А. А. Бейер*
А. А. Бейер*
Недавно в Буэнос-Айресе умер Анатолий Аполлонович Бейер. Эта смерть прошла почти незамеченной; в газете появилось несколько строк, затем в одной из церквей Парижа была отслужена панихида, на которую пришли бывшие ученики и ученицы Шуменской гимназии, которой он был директором, и всё. Вместе с тем, Анатолий Аполлонович имел бы полное право на почетное место в истории русской интеллигенции. Эмигрантские условия существования, жестокие и несправедливые обстоятельства его личной жизни решили иначе. Это, конечно, не единственный случай. Интеллектуальные ценности теперь «котируются» ниже, чем когда бы то ни было. Это в конце концов понятно и апеллировать в сущности не к кому. Анатолий Аполлонович был жертвой именно этого положения вещей.

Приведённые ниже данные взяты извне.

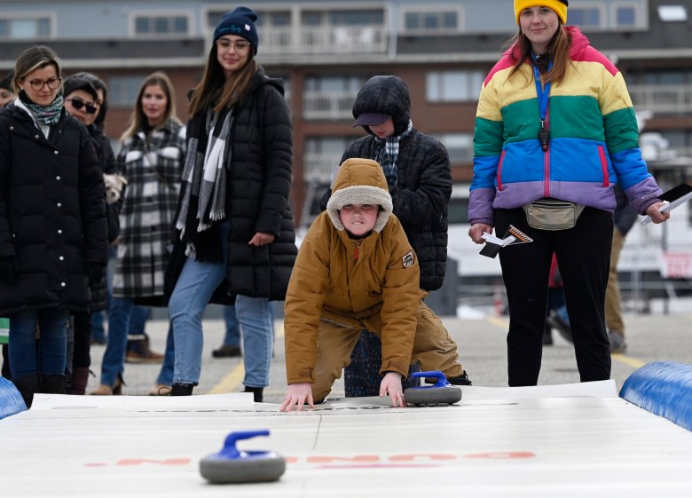 Nearby, people watched artists create ice carvings while others tried curling on a synthetic surface. Some players won prizes when they landed the disc in the bullseye. Others played cornhole.
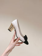CC HIGH HEELS WHITE CALFSKIN AND FABRIC

Он был директором русской эмигрантской гимназии, образовавшейся в Константинополе в 1922 г. и переехавшей потом в Болгарию, где она и кончила свое существование через несколько лет – за недостатком средств, успев, однако, выпустить несколько поколений эмигрантов-абитуриентов. Теперь кажется невероятным, что она могла вообще существовать при таком составе учеников – бывших солдат, офицеров, матросов, спекулянтов, совершенно взрослых, только что вырвавшихся из ада гражданской войны. Как можно было «вернуть культуре» этих бывших комендантов, командиров и просто потерявшихся людей, которые давно забыли о книгах, учебниках и сочинениях по русской литературе? Эти заслуги принадлежали Анатолию Аполлоновичу – и, я думаю, только ему оказались по силам.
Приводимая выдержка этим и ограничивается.